Idk why, but I'm feeling completely unmotivated right now. It's all of a sudden, but I sort of feel lonely. Not nearly as lonely as I've felt in the past... Actually, maybe it's not loneliness, but frustration/sadness at the monotony of life right now. I haven't met anyone, all I do is do my homework in the morning, go to class, eat lunch, do a little work in the afternoon if I didn't finish in the morning, and then come home to eat and... sit at my computer staring at the screen and listening to music. Not much of a life is it...

Thursday, November 01, 2007

It's been awhile...

Just some small thoughts...

I keep drifting back to Pauline. There's no solid train of thought, and it's not like my mind focuses on her. Rather, it's more like there's this feeling of wanting to see her again and talk with her face to face. I wonder if we'll see each other again soon - within the next year? It'd be nice if I could find some excuse to go to Germany, or she to San Francisco. I don't see any reason for it to happen anytime soon though.

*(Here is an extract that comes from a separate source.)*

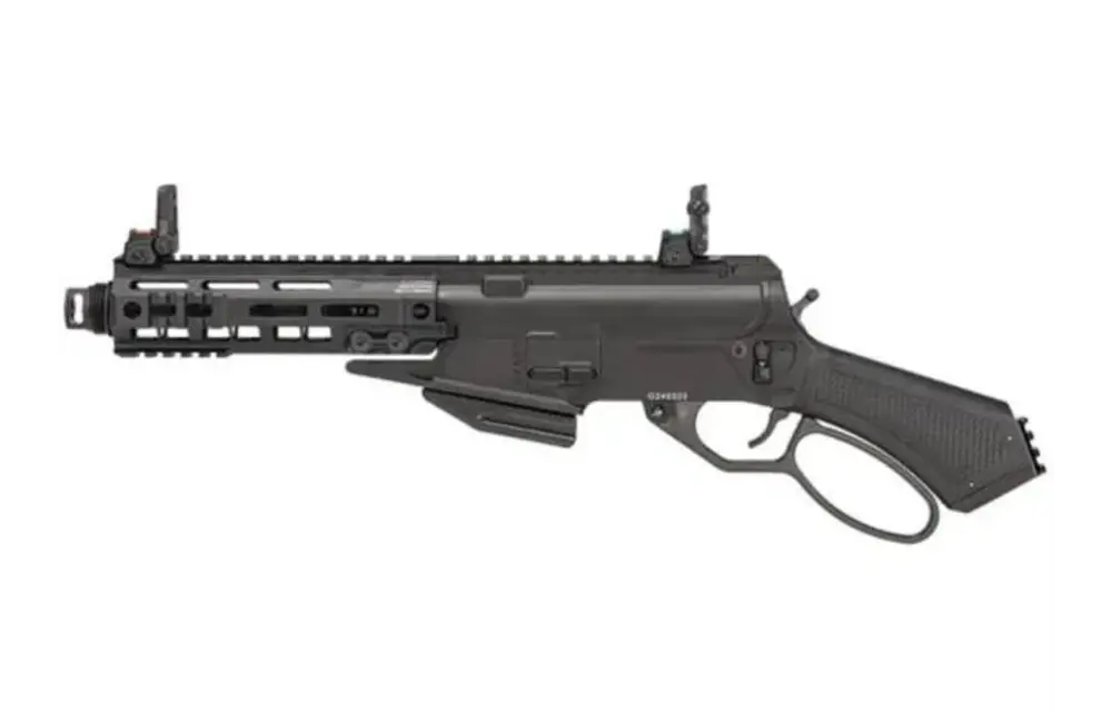 Deze G&G LevAR 7 GBB lever action airsoftreplica is een ware mengelmoes van oud en nieuw. Het is namelijk het lever action systeem van bijvoorbeeld de Winchester Model 1873, maar dan gehuld in een zeer modern en tactisch ogend jasje. En natuurlijk uitgevoerd als GBB airsoftreplica. De LevAR is een enkelschots lever action replica en het gas dat je gebruikt om de BB’s uit het 35 BB magazijn te verschieten kan geladen worden via de vulpoort aan de onderzijde van de greep. Die greep is aan weerszijden voorzien van een ruwe textuur voor wat extra houvast en dat is maar goed ook. Omdat de G&G LevAR 7 GBB airsoftreplica gebruikmaakt van een spanhevel die vastzit aan de trekkerbeugel, zul je de greep na ieder schot weer los moeten laten om de replica te cyclen. Het is dan wel zo prettig als je de greep daarna meteen weer stevig in de hand kunt nemen, zodat je er zo stabiel mogelijk mee kunt richten. Gelukkig is deze 7’’ uitvoering kort genoeg dat je hem stevig bij de handguard vast kunt houden met je vrije hand en hem in balans kunt houden. Het magazijn zit net voor de trekkerbeugel en heeft een capaciteit van 35 BB’s, maar de LevAR is ook geschikt voor M4 AEG magazijnen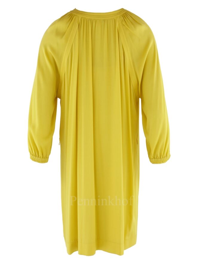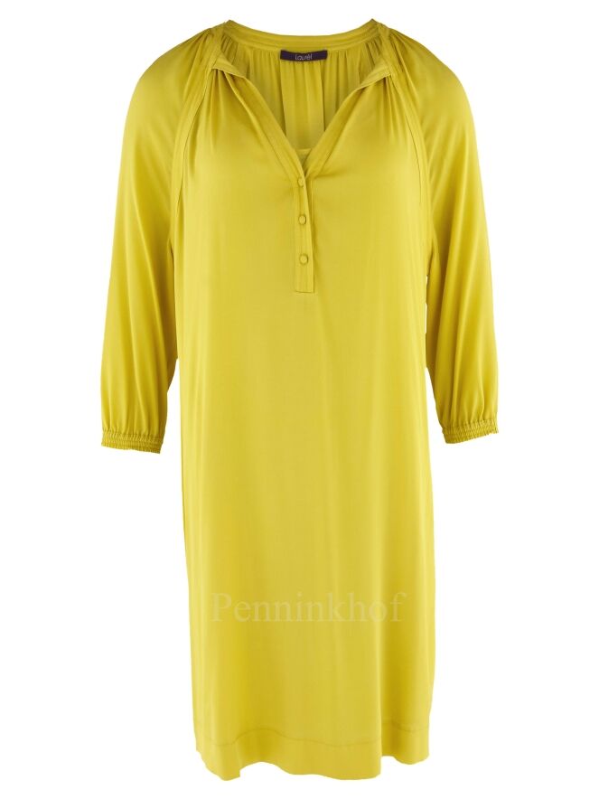 Een jurk van Laurel in een citroengele kleur. De jurk heeft een V - Hals met enkele knoopjes. Vanuit de rand van de hals aan de achterkant zijn fijne plooien. Aan het uiteinde van de halflange mouwen is een elastische bies. De jurk is gevoerd en mag niet worden gewassen.

Sometimes I feel that I'm the only one who notices and appreciates certain seemingly minor things. I walk into my Chinese classroom an hour before class starts: all the lights are off except for two bulbs in the front, one lighting from above and slightly behind the TV and the other midway across the chalkboard. They act as spot lights in the front and the shadow's cast by the TV suspended in the air make an interesting, almost symmetrical V-pattern on the wall. When I first walked in, I was about to turn on all the lights like I usually do when they're all turned off. But the ambience of the room was different from normal, and it felt soothing and tranquil. So instead, I sat in my seat and just listened, and looked at the front of the room. There was a slight sound from the fans in the building, otherwise there was only myself, the lights, and the empty desks. I really like finding myself in these type of situations. Would someone else have noted the stillness of the room and taken the time to absorb the mood? I like finding these hidden gems that I feel only I would notice and appreciate. Though, it would be great to meet someone who appreciates and notices them like I do.